_Information supplied_:
▼
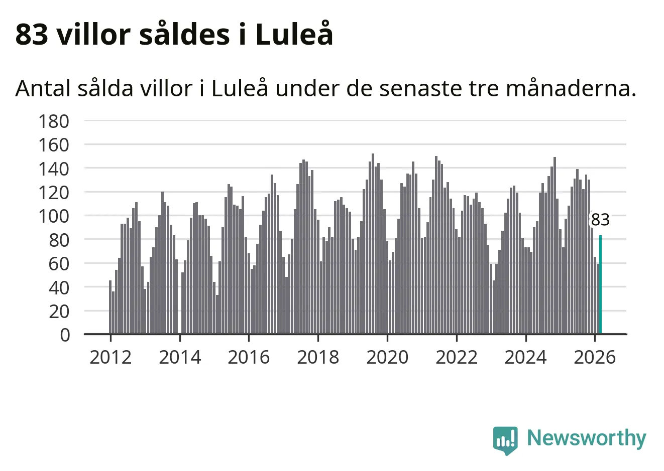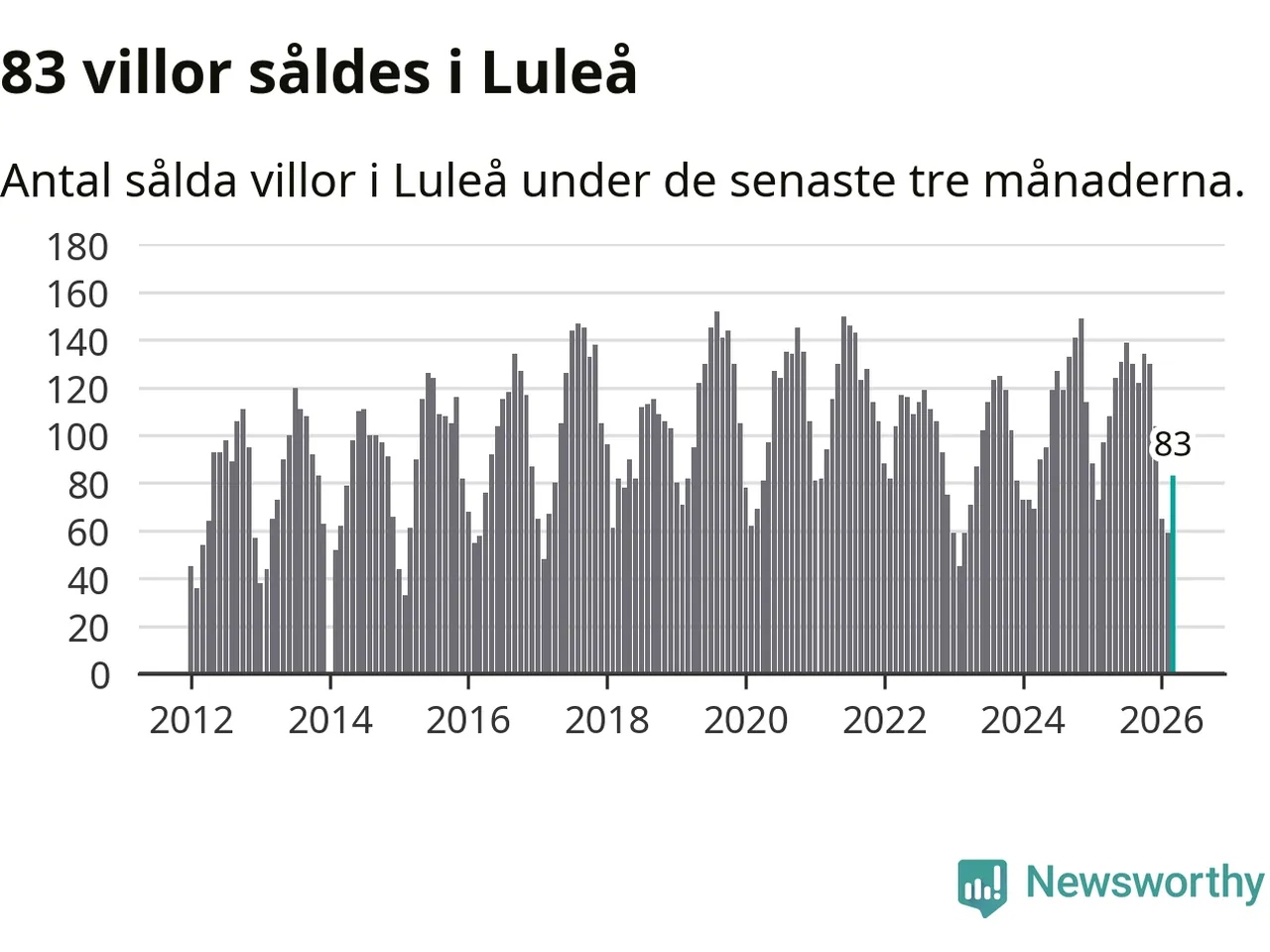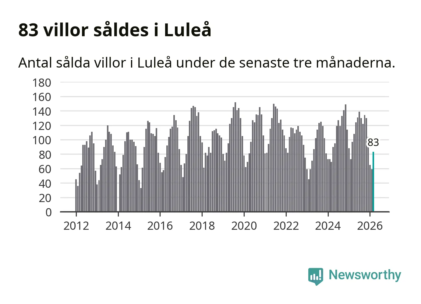 Sammanlagt såldes 83 villor i Luleå kommun mellan januari och mars till ett genomsnittligt pris på 3,7 miljoner kronor. I fjol gjordes 97 affärer vid den här tiden på året.
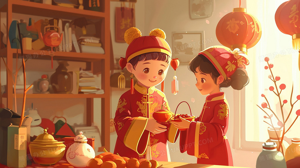 本作品内容为中式婚礼的小情侣插画, 格式为 jpg, 大小2 MB, 图片尺寸为2912 x 1632, 源文件无水印, 欢迎使用熊猫办公。 如认为平台内容涉嫌侵权,可通过邮件:tousu@tukuppt.com提出书面通知,我们将及时处理。
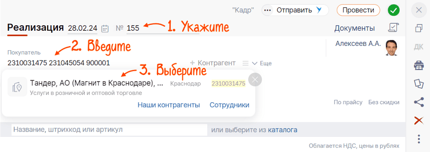 - Введите дату и номер реализации из своей учетной системы.
▲
An exact repeat of all the data is required, pictures excluded.

 Sammanlagt såldes 83 villor i Luleå kommun mellan januari och mars till ett genomsnittligt pris på 3,7 miljoner kronor. I fjol gjordes 97 affärer vid den här tiden på året.
 本作品内容为中式婚礼的小情侣插画, 格式为 jpg, 大小2 MB, 图片尺寸为2912 x 1632, 源文件无水印, 欢迎使用熊猫办公。 如认为平台内容涉嫌侵权,可通过邮件:tousu@tukuppt.com提出书面通知,我们将及时处理。
 - Введите дату и номер реализации из своей учетной системы.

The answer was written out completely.